» **Records supplied**:
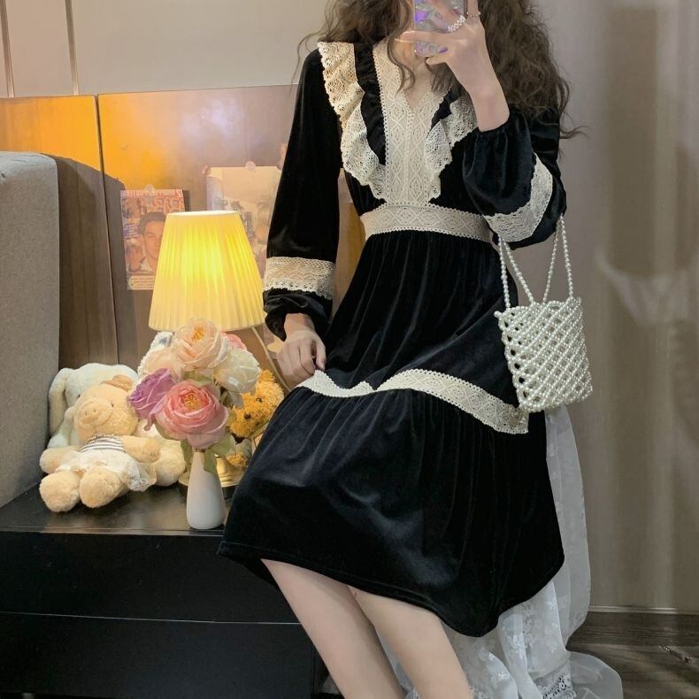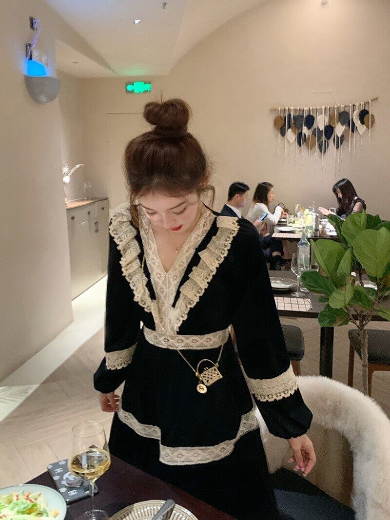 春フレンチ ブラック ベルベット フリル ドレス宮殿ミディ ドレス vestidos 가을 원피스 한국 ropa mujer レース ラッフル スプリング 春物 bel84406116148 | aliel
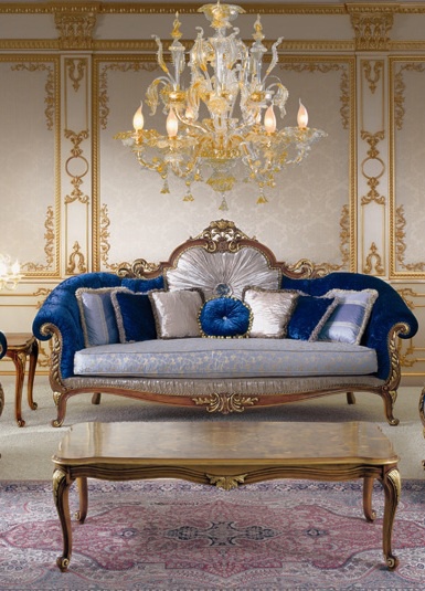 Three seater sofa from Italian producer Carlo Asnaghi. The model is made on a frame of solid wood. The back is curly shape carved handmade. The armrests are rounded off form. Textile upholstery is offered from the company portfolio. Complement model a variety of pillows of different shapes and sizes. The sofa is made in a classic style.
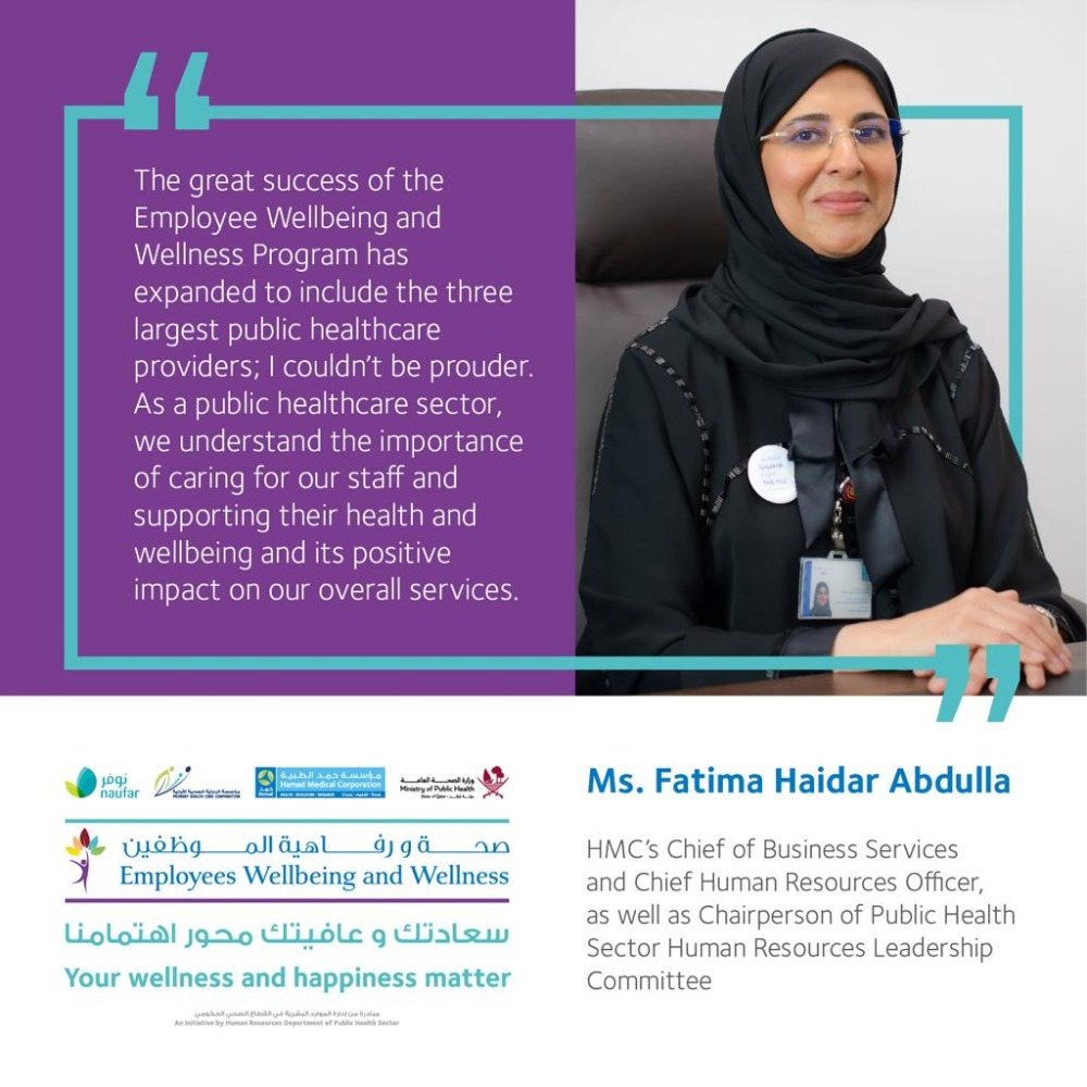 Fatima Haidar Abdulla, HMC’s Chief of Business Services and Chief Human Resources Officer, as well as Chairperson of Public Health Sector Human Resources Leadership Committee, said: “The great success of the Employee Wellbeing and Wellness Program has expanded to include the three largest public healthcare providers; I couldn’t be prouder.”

==

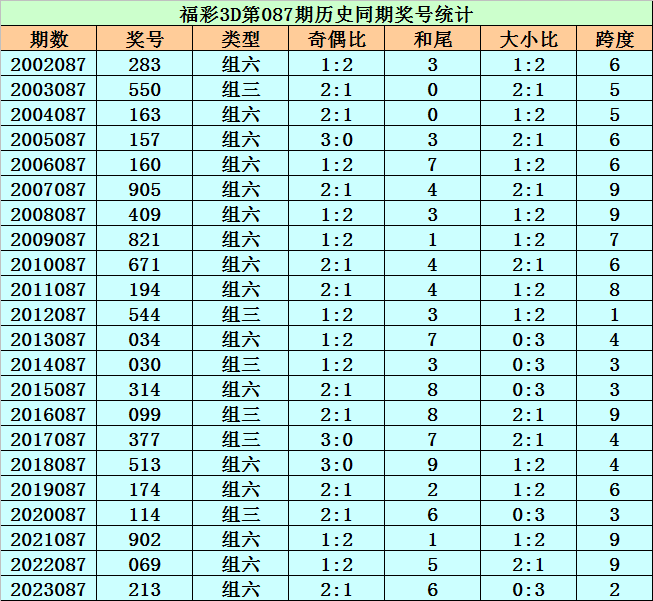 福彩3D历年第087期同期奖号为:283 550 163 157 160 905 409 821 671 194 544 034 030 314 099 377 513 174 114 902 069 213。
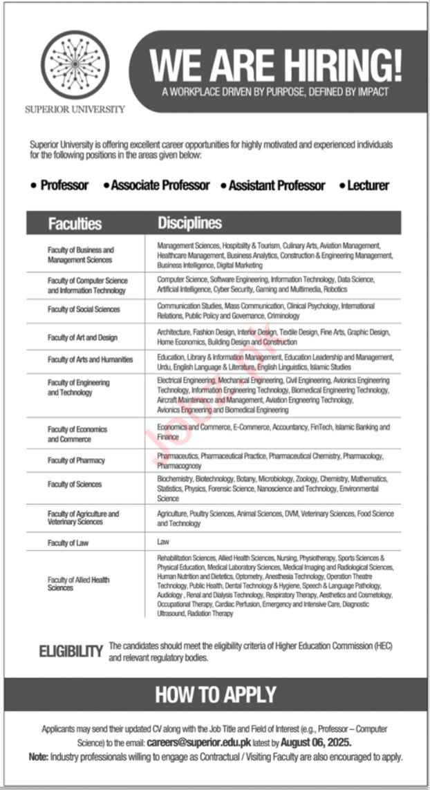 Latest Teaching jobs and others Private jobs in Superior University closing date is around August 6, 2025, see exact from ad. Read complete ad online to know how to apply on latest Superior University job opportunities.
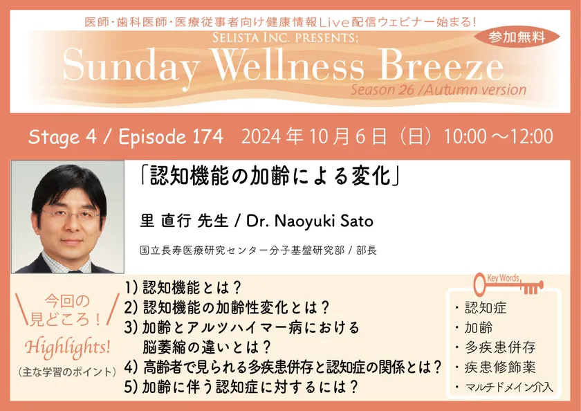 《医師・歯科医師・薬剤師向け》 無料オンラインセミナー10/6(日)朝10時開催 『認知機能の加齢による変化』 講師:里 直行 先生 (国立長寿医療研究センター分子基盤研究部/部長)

» **Exercise brief**: In the material above, one part opens with the line containing "春フレンチ ブラック ベルベット" and closes with the line containing "Three seater sofa". Write out that part exactly and skip its pictures.

» **Problem solution**:
 春フレンチ ブラック ベルベット フリル ドレス宮殿ミディ ドレス vestidos 가을 원피스 한국 ropa mujer レース ラッフル スプリング 春物 bel84406116148 | aliel
 Three seater sofa from Italian producer Carlo Asnaghi. The model is made on a frame of solid wood. The back is curly shape carved handmade. The armrests are rounded off form. Textile upholstery is offered from the company portfolio. Complement model a variety of pillows of different shapes and sizes. The sofa is made in a classic style.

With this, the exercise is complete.